这是各种编码之间来回转乱会导致的可能乱码结果
总结下就是
原始编码 | 目标编码 | 结果 |
---|---|---|
UTF-8 | ASCII | ‘ascii’ codec can’t decode byte 0xe9 in position 0: ordinal not in range(128) |
UTF-8 | GBK | 闇嶆牸娌冨吂娴嬭瘯瀛﹂櫌 ceshiren.com |
UTF-8 | UNICODE_ESCAPE | éæ ¼æ²å ¹æµè¯å¦é¢ ceshiren.com |
GBK | ASCII | ‘ascii’ codec can’t decode byte 0xbb in position 0: ordinal not in range(128) |
GBK | UTF-8 | ‘utf-8’ codec can’t decode byte 0xbb in position 0: invalid start byte |
GBK | UNICODE_ESCAPE | »ô¸ñÎÖ×ȲâÊÔѧԺ ceshiren.com |
示例代码
import pytest
from mtf.core.logger import log, log_to_file
log_to_file()
@pytest.mark.parametrize('from_encoding, to_encoding', [
['UTF-8', 'ASCII'],
['UTF-8', 'GBK'],
['UTF-8', 'UNICODE_ESCAPE'],
['GBK', 'ASCII'],
['GBK', 'UTF-8'],
['GBK', 'UNICODE_ESCAPE'],
])
def test_encoding(from_encoding, to_encoding):
try:
content = '霍格沃兹测试学院 ceshiren.com'
log.debug(f'from = {from_encoding} to = {to_encoding}')

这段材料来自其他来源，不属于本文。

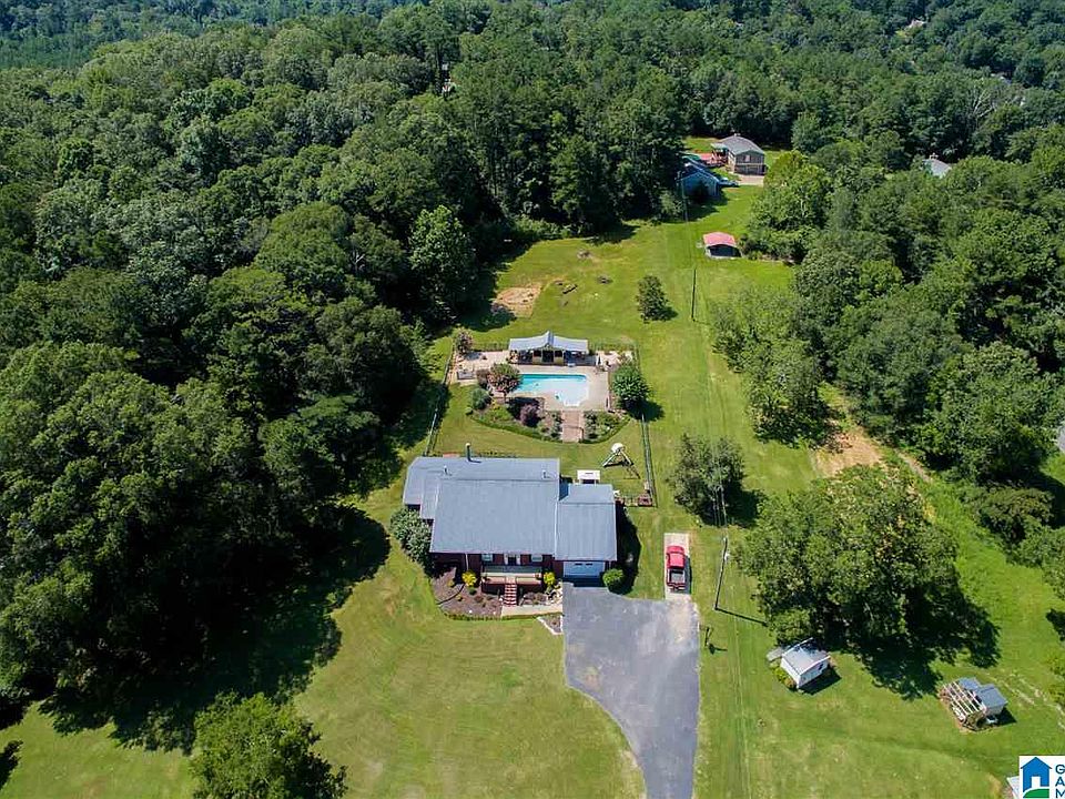Serenity now! 4.67 Acres! Through the iron gates & up the hill to your own personal paradise - 4 Bds/ 4 Full Baths & room to run. Gorgeous landscaping greets all visitors & beckons you to come inside. Full brick exterior w/ metal roof. Hardwoods flow into the large living rm w/ corner fireplace. Updated kitchen features granite counters, & stainless appliances including double oven & gas stove. Large dining is easily accessible from both kitchen & living rm. The breakfast area includes a bfast bar & space for a large table - Perfect for socializing while cooking is taking place! 4 bdrms on the main level & 3 full baths, including a large master suite w/ corner garden tub & walk-in closet! Spiral stairs lead to one of many selling features - an incredible game room! The basement also houses a safe room/storm shelter, additional full bath & huge unfinished area for storage, additional parking or work space. Outside is the backyard of your dreams - inground pool, tiki bar, hot tub & more!
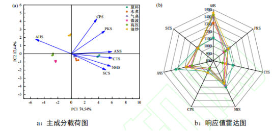 為比較不同烹飪方式對芫根整體滋味的影響,對樣品進行電子舌分析,結果如圖3所示。電子舌主成分分析中,第一主成分(PC1)和第二主成分(PC2)的貢獻率分別為74.54%和17.44%,總貢獻率達91.98%,已超過85%,說明這兩個主成分涵蓋了絕大多數樣品信息,可以用來表征芫根的滋味特征。主成分載荷圖中,以散點代表各個樣品,距離越近,表明樣本滋味相似度越高,對主成分貢獻大的影響因子以射線形式表示出來,影響因子越靠近樣品表明對相應樣品影響越大。6種芫根樣品分散區域明顯,表明電子舌能夠較好的區分不同烹飪方式的芫根。新鮮芫根與其他5種芫根樣品距離較遠,ANS和CTS傳感器對其影響較大,其中CTS傳感器對咸味具有特敏性,結合圖3b可知,新鮮芫根在ANS和鮮味特敏傳感器NMS上響應值較高,在咸味CTS和酸味AHS傳感器上響應值次之,烹飪后,鮮味NMS傳感器響應值減弱,咸味CTS響應值也明顯降低,酸味AHS響應值增強,說明烹飪處理會減弱芫根本身的咸鮮味,突出酸味。油炒的芫根整體響應值較大,與其他樣品距離較遠,說明油炒的與其他烹飪處理的芫根整體滋味差異較大,一方面是因為油炒溫度較高導致,另一方面食用油也會對芫根滋味產生影響。水煮和氣蒸的芫根在主成分圖中距離較近,說明這兩種方式烹飪的芫根整體滋味相似;同理可得微波和高壓烹飪的芫根滋味相似。
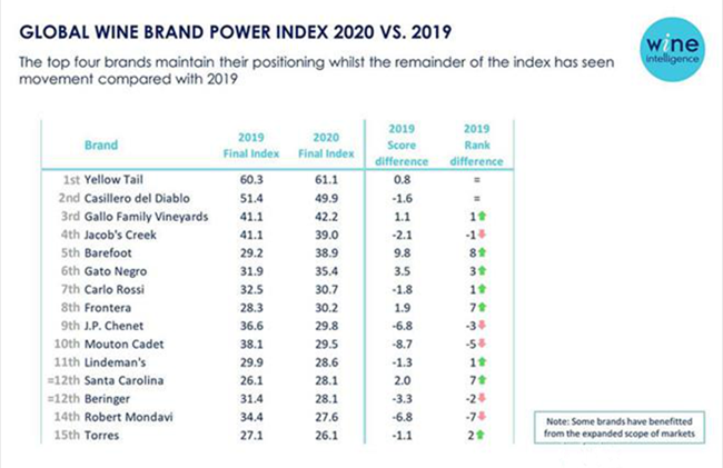 近日,葡萄酒智情機(jī)構(gòu)(Wine Intelligence)發(fā)布了《2020年全球葡萄酒品牌影響力指數(shù)》(Global Wine Brand Power Index 2020)。澳大利亞和智利再次占據(jù)領(lǐng)先位置,黃尾袋鼠(Yellow Tail)和紅魔鬼(Casillero del Diablo)連續(xù)第三年分別蟬聯(lián)第一和第二名。
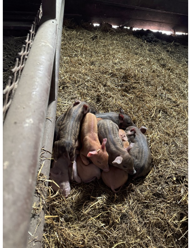 To inquire, please email Jazmin at jaz@brownsranch.us for availability. We raise a variety of mixed heritage breeds that have done well in our environment, surviving our winters outside with straw bedding. Our breeds include crosses of Berkshire, Tamworth, Old Spot, and Mangalitsa.

log.debug(content.encode(from_encoding))
log.debug(content.encode(from_encoding).decode(to_encoding))
except Exception as e:
log.exception(e)
运行日志
[2021-01-15 18:57:06] 74940:D logger.py:61:log_to_file: log init ./debug.2021.01.15-18.57.06.log
[2021-01-15 18:57:06] 74940:D test_encoding.py:19:test_encoding: from = UTF-8 to = ASCII
[2021-01-15 18:57:06] 74940:D test_encoding.py:20:test_encoding: b'\xe9\x9c\x8d\xe6\xa0\xbc\xe6\xb2\x83\xe5\x85\xb9\xe6\xb5\x8b\xe8\xaf\x95\xe5\xad\xa6\xe9\x99\xa2 ceshiren.com'
[2021-01-15 18:57:06] 74940:E test_encoding.py:23:test_encoding: 'ascii' codec can't decode byte 0xe9 in position 0: ordinal not in range(128)
Traceback (most recent call last):
File "/Users/seveniruby/PycharmProjects/MTF/mtf/tests/test_python/test_encoding.py", line 21, in test_encoding
log.debug(content.encode(from_encoding).decode(to_encoding))
UnicodeDecodeError: 'ascii' codec can't decode byte 0xe9 in position 0: ordinal not in range(128)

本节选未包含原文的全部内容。